Bogus votes: SC directs ECP not to shift votes to other constituencies

Orders the election body to obtain voters’ consent before registering votes.


Azam Khan November 08, 2012
Bogus votes: SC directs ECP not to shift votes to other constituencies

ISLAMABAD: The superior court on Wednesday directed the Election Commission of Pakistan (ECP) to not register votes to other constituencies without obtaining voters’ consent.   

A three-member bench headed by Chief Justice Iftikhar Muhammad Chaudhry, heard a petition filed by Pakistan Tehreek-i-Insaf (PTI) chairman Imran Khan regarding bogus votes.
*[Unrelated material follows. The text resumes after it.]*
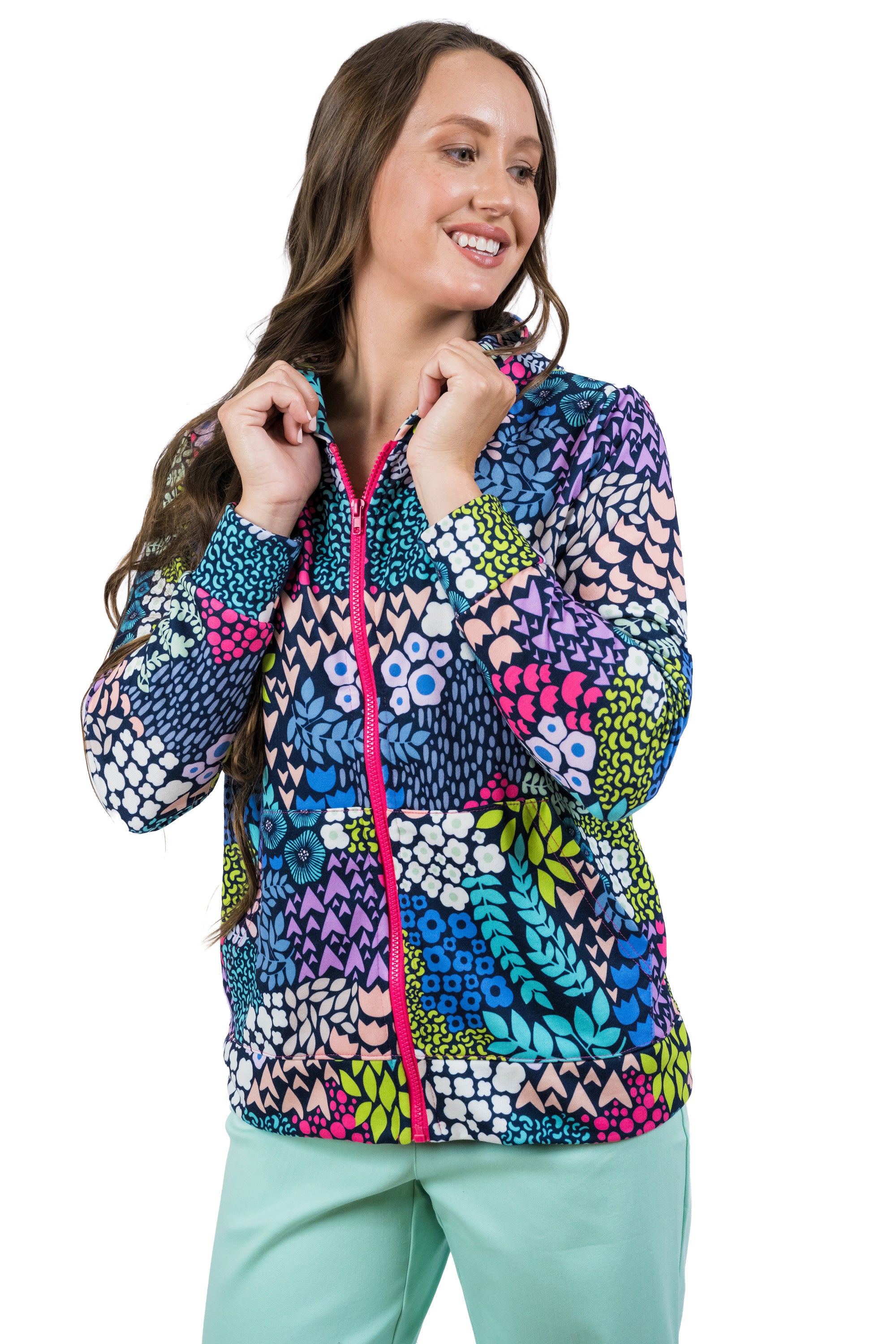 Add a playful pop of color to your wardrobe with this ditsy floral hoodie, featuring a fresh, vibrant print against a deep navy background. Crafted from luxuriously soft cotton-blend French terry jersey with a zip front and split kangaroo pockets, it’s equal parts cozy, bold, and a little bit luxe.

Justice Azmat Sheikh Saeed and Justice Gulzar Ahmad were the other two members of the bench.

During the hearing, Jamaat-i-Islami’s (JI) counsel Rasheed A Rizvi informed the court that the ECP had shifted votes of migrants, particularly those in Karachi, to their permanent addresses without their consent.

To this Director General ECP Sher Afghan replied that the election body could not approach the migrants due to floods in Sindh and that after deliberating with the National Database and Regulatory Authority (NADRA), votes of these people were registered on their permanent addresses.
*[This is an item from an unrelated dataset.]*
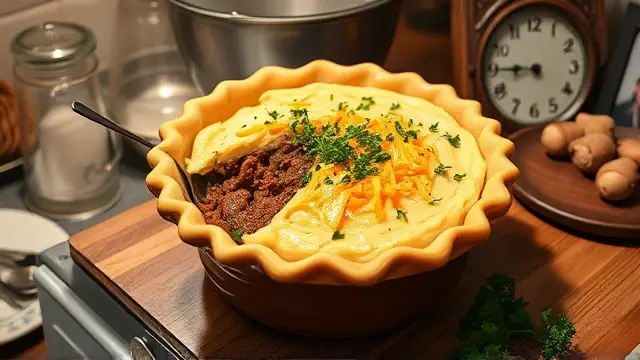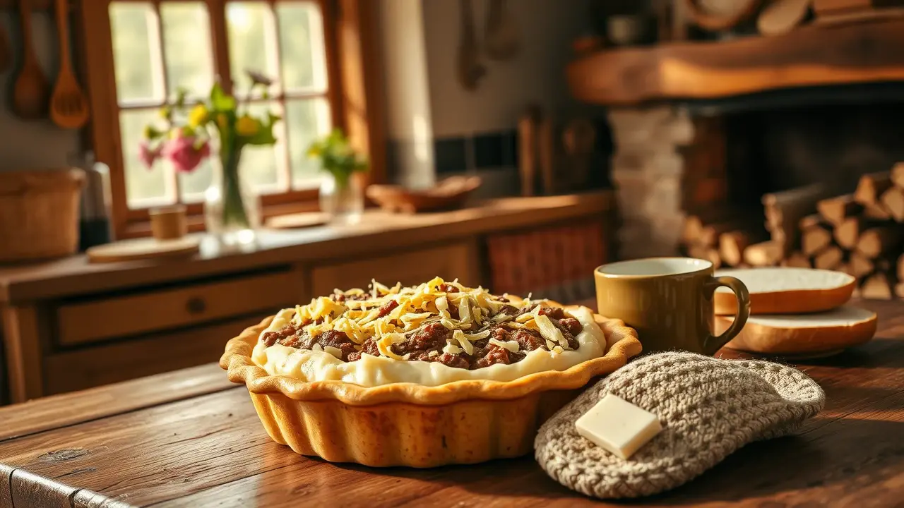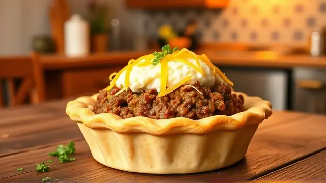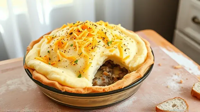 # Souper Meat and Potatoes Pie 🥧🥔 This hearty dish is a warm hug on a plate, combining savory meat and creamy potatoes for a comforting meal. Ideal for busy weeknights or special gatherings, it’s as satisfying as it is simple to make. Plus, this recipe is versatile—you can use any leftover soup you have on hand for an added twist! Consider serving it with a side of steamed veggies or a crisp salad for a complete meal. 🥗✨ ## Ingredients ### For the base - 1/2 cup of your favorite condensed soup (cream of mushroom, chicken, etc.) - 1 pound of ground beef (or turkey for a lighter option) - 1/2 onion, finely chopped - 1 egg - 1 cup of bread crumbs - 1/4 cup of fresh parsley, chopped - Salt and pepper to taste ### For the topping - 2 cups of mashed potatoes (store-bought or homemade) - 1/2 cup of remaining soup (same as above) - 1 cup of shredded cheese (cheddar, mozzarella, or your choice) ## Instructions 1. **Prepare the filling**: In a large bowl, mix the soup, ground beef, chopped onion, egg, bread crumbs, parsley, and seasonings until fully combined. > 👩🍳 For best results, use fresh ingredients for maximum flavor. Ground turkey makes a great substitute for beef if you're looking for a healthier option! 2. **Press into the pie plate**: Firmly press the meat mixture into a 9-inch pie plate, creating an even layer. 3. **Bake it**: Bake in a preheated oven at 350°F (175°C) for 25 minutes. 4. **Spoon off fat**: Once baked, carefully spoon off any excess fat from the meat filling. 5. **Top it off**: Spread the mashed potatoes over the meat mixture, followed by the remaining soup and sprinkle the cheese on top. 6. **Final bake**: Bake for an additional 10 minutes or until the cheese is melted and bubbly. > 🔥 Note: Keep an eye on the cheese; you want it golden but not burnt! ## Variations - **Vegetarian**: Substitute ground beef with lentils or a mixture of mushrooms and black beans. This keeps the pie hearty while being meat-free! 🌱 - **Spicy**: Add diced jalapeños or a splash of hot sauce to the meat mixture for an extra kick. - **Loaded baked potato style**: Mix in some cooked bacon bits and chives into the mashed potatoes for a loaded twist! 🥓 - **One-pot option**: Cook all components in a cast-iron skillet for a charming one-pot meal with easy cleanup! Whether it's a chilly evening or you just need a comfort food fix, this Souper Meat and Potatoes Pie is sure to be a delicious choice! Enjoy your meal! 🍽️❤️name

Rizvi, however, snubbed the move saying that the migrants had been living in the province since long and it was not possible for them to vote from their native towns.

After hearing the arguments, the court maintained that ECP cannot register votes to any other constituency without obtaining voters’ consent. The apex court said the exercise was against the commission’s own laws and rules.
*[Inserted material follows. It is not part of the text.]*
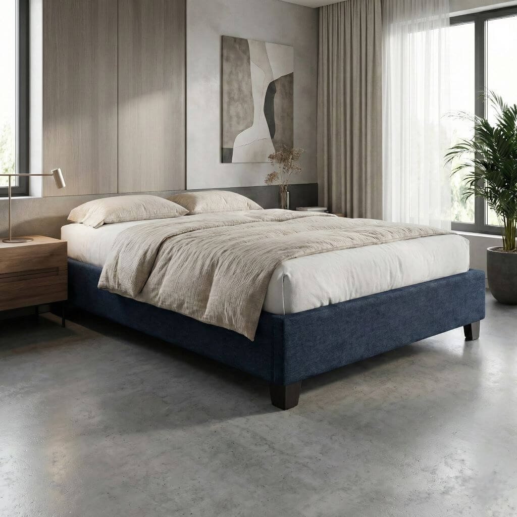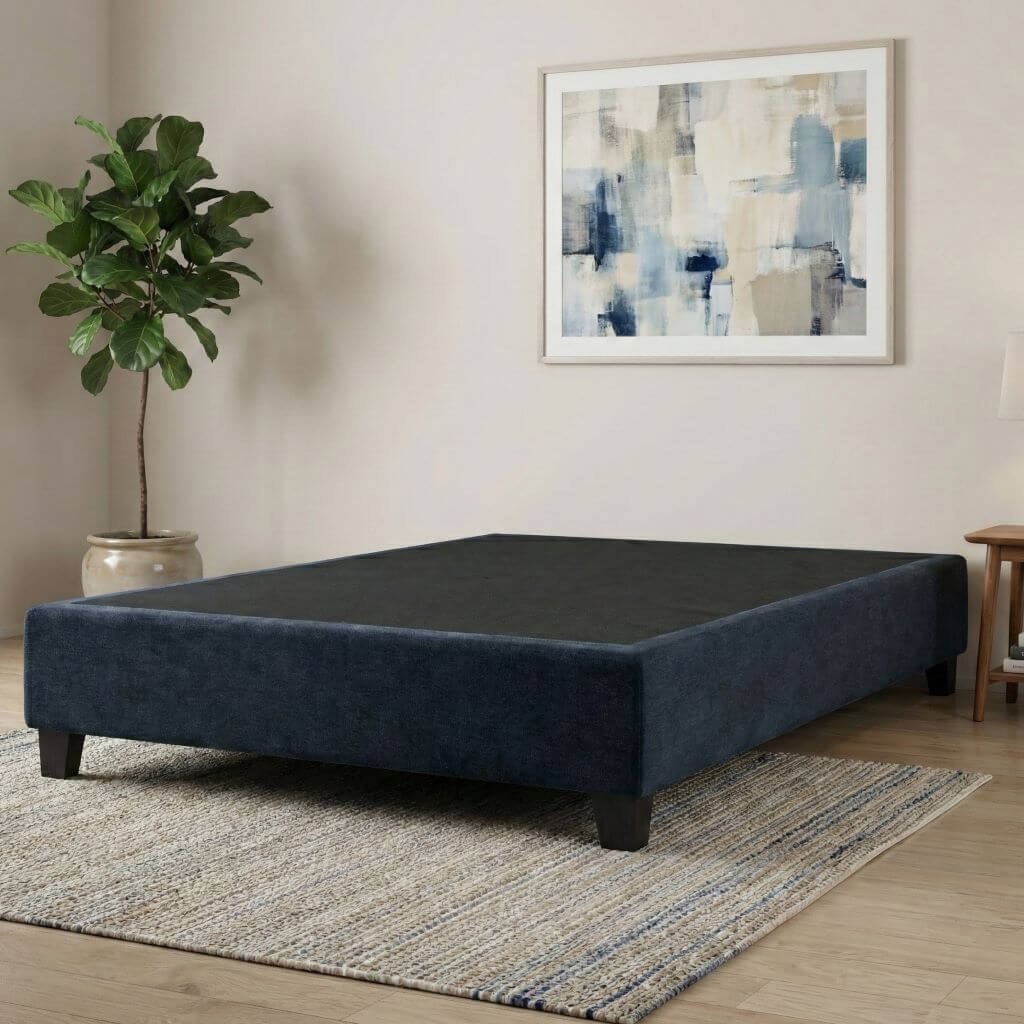 Esta no es una base cualquiera. Su tapizado en tela de poliéster tipo Denim ofrece una textura suave y duradera, muy superior a las telas convencionales.

The court also ordered ECP to remove errors from electoral rolls and directed the commission to finalise the lists on an emergency basis. The bench stated that there should be no delay in elections due to inaccuracies in the lists.

The Supreme Court reiterated that the Army and Frontier Corps (FC) can be called to assist the ECP in the next general elections, as per its July 4 order.

The court adjourned the hearing till Thursday (today).

Published in The Express Tribune, November 8th, 2012.